橄欖樹網站
橄欖樹文學月刊現場文化網站六香村論壇
橄欖樹現 場文學評論
主 頁|總目錄|作者索引|投 稿|討論\留言

 
 

前進中的非非主義
2001◇非非主義流派專號編輯手記

周 倫 佑

 
 

     本期《非非》編輯計劃的改變是順勢而為的結果。原計劃的21世紀漢語文學寫作走向討論專號,因寄到的相關稿件不夠編一期(只有10多萬字),而非非詩人們湧躍寄來的詩歌作品和評論文稿則大大超過了編一期《非非》的數量(近70萬字)。這樣,本期非非主義流派專號的編輯、出版便是順理成章,勢在必行的事了。當然,所謂的非非主義流派專號,是就這一期《非非》的編輯主題而言的,並非在本卷《非非》刊載作品的都是非非主義成員,本期非非論壇和八十年代民間思想運動回顧兩個欄目中的文楚安、袁亞娟、周倫佐三位學友便是與任何文學派別和思潮都無關的獨立的體制外寫作者,編者選登他們的理論和評論力作,是希望借此給本刊增加思想性和理論厚重感。筆者在卷首的訪談錄中說過,再次復刊後的《非非》將改變過去的純流派刊物性質,使之成為體制外思想者的自由論壇(1992年《非非》復刊號以後已經這樣做了)。《非非》將在這種開放的碰撞中自信地展開自己。
     筆者曾在上卷《非非》(2000特刊)的編後記中談到了價值清理的問題。這種清理也包括非非主義在內。本期卷首的《高揚非非主義精神,繼續非非》一文,是周倫佑接受海外一家媒體採訪的訪談錄,全文包括四個方面的內容:《非非》第二次復刊的使命和意義;有關非非主義一些史實的首次披露和陳述;對何小竹等人編造的幾點謬說的批駁和澄清;關於非非主義精神和後非非寫作的首次界定和闡釋。訪談錄依據確切可靠的事實,對有關非非主義的一些指稱混亂和價值混淆進行了必要的清理,區分了背離非非主義和推進非非主義,劃界了商業心態和嚴肅寫作,理出了變構藝術的發展主線;並確定了後非非時代的寫作原則。是繼《紅色寫作》、《中國當代文學向何處去》之後,又一篇闡釋後非非寫作理念的重要文獻。

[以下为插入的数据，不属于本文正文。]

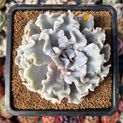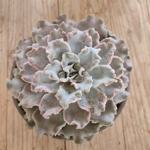 Echeveria ‘Crispate Beauty’, Crassulaceae familyasına ait, dalgalı ve kıvrımlı yaprak kenarlarıyla ayırt edilen bir sukulenttir. Echeveria 'Crispate Beauty', Echeveria lilacina'nın bir mutasyonudur. Rozet formu belirgindir ve yapraklar kısa gövde üzerinde merkezden dışa doğru katmanlı biçimde dizilir. Yaprak kenarlarının kıvrımlı yapısı bitkiye hacimli ve hareketli bir görünüm kazandırır. Gelişim formu çevresel koşullara bağlı olarak değişebilir; yeterli ışık altında rozet daha sıkı ve belirgin kalır. Etli yaprak dokusu su depolama kapasitesi sağlar ve kuraklık toleransı sunar; buna karşılık kök bölgesinde uzun süreli nem birikimi çürüme riskini artırır. Echeveria ‘Crispate Beauty’ yaprakları kalın, geniş ve kenarları belirgin şekilde ondüle (dalgalı) yapıdadır. Yaprak yüzeyi pürüzsüzdür ve ince bir mumsu kaplama ile örtülü olabilir. Bu kaplama, su kaybını azaltarak yaprakların dayanıklılığını destekler. Renklenme ışık düzeyine bağlı olarak değişir. Yüksek aydınlıkta açık yeşil zemin üzerine pembe, şeftali ya da hafif kırmızımsı tonlar gelişebilir. Kenar kıvrımlarında pigment yoğunluğu daha belirgin olabilir. Düşük ışık koşullarında renkler daha yeşil kalabilir ve rozet yapısı gevşeyebilir. Sürekli nemli ortamda alt yapraklarda yumuşama ve doku bozulması görülebilir.

    如欄目名稱所示,非非經典在於展示非非詩人的最新創作成果,推出非非主義的代表作品。編者將陳亞平的《詩歌白皮書》、陳小蘩的《精神鏡象》作為重點作品排在本欄,並約請在成都的幾位學者予以評點推薦,是對這兩部作品的實驗精神和藝術價值的肯定,也是對這兩位詩人在已開始的後非非寫作中所顯示出的某種傑出性的確認。非非主義在它的每個時期都會推出幾位代表詩人,但代表性的確立需要一個長期的過程,與任何急功近利的寫作無緣。陳亞平、陳小蘩仍須作出艱巨的努力。對《詩歌白皮書》、《精神鏡象》,筆者已在前面的筆談中作了篇幅較大的評論,這裡就不重復了。落實到具體的寫作批評上,筆者希望陳亞平在保持他的感覺敏悟力的同時,努力加強詩藝之外的學養修為,以便為自己的詩歌寫作找到更堅實的根基。陳小蘩則應對抽象的時空命題保持必要的警惕,詩歌雖然不排斥形而上思考,但詩歌畢竟不是思考,《精神鏡象》中某些篇章已露出了理念化的傾向,這是要提請作者注意的。
    《遁辭》一詩是周倫佑計劃中的解構三部曲的第三部(前兩部為《自由方塊》、《頭像》)。從第一部《自由方塊》(1986)到第三部《遁辭》,中間的時間跨度為15年。在這15年中,作者的心情雖然發生了很大的變化,但《遁辭》卻輕鬆地跨過了作者在這期間寫作《刀鋒20首》、《反暴力修辭》(組詩)、《戰爭回憶錄》(組詩)時保持的詩的常規形式、語言的力度和內在的痛感。以不經意的反諷語調及解構方式,成功地實現了作者自己所追求的又一次形式變構。和前兩部長詩(《自由方塊》、《頭像》)的解構方式不同,《遁辭》中隱身的解構之手直指漢語修辭。關於漢民族的國家意識形態,漢語寫作界雖然已談得不少了,但都沒有說到實質。在《遁辭》作者的眼裡,操縱中國人生活的國家意識形態,不僅是一種權力話語系統,更是一種特殊的構詞方式。這種構詞方式是以漢民族語言日常用語的修辭方式為其基礎的,其中主要的是比喻和比擬。《遁辭》一詩在對主流意識形態的構詞方式及其修辭基礎進行全面解構的同時,也拓展了漢語詩歌的可寫性。通過《遁辭》的寫作,作者希望對21世紀漢語詩歌寫作提出幾個問題:     解構主義過時了嗎?(這是筆者所尊敬的鄭敏先生發表在《文學評論》的一篇文章的標題)。 漢語言的解構性寫作是可能的嗎? 漢語文學的真正解構性文本是什麼樣的?     21世紀漢語詩歌寫作還需要堅持形式的實驗性和變構精神嗎?對這些問題的思考和回答,關系到21世紀漢語詩歌寫作的方向和突進力度。筆者願與朋友們一道努力。
    本期非非風度集中了非非詩歌的創作主體,是非非詩人創作實績的一次集中展示。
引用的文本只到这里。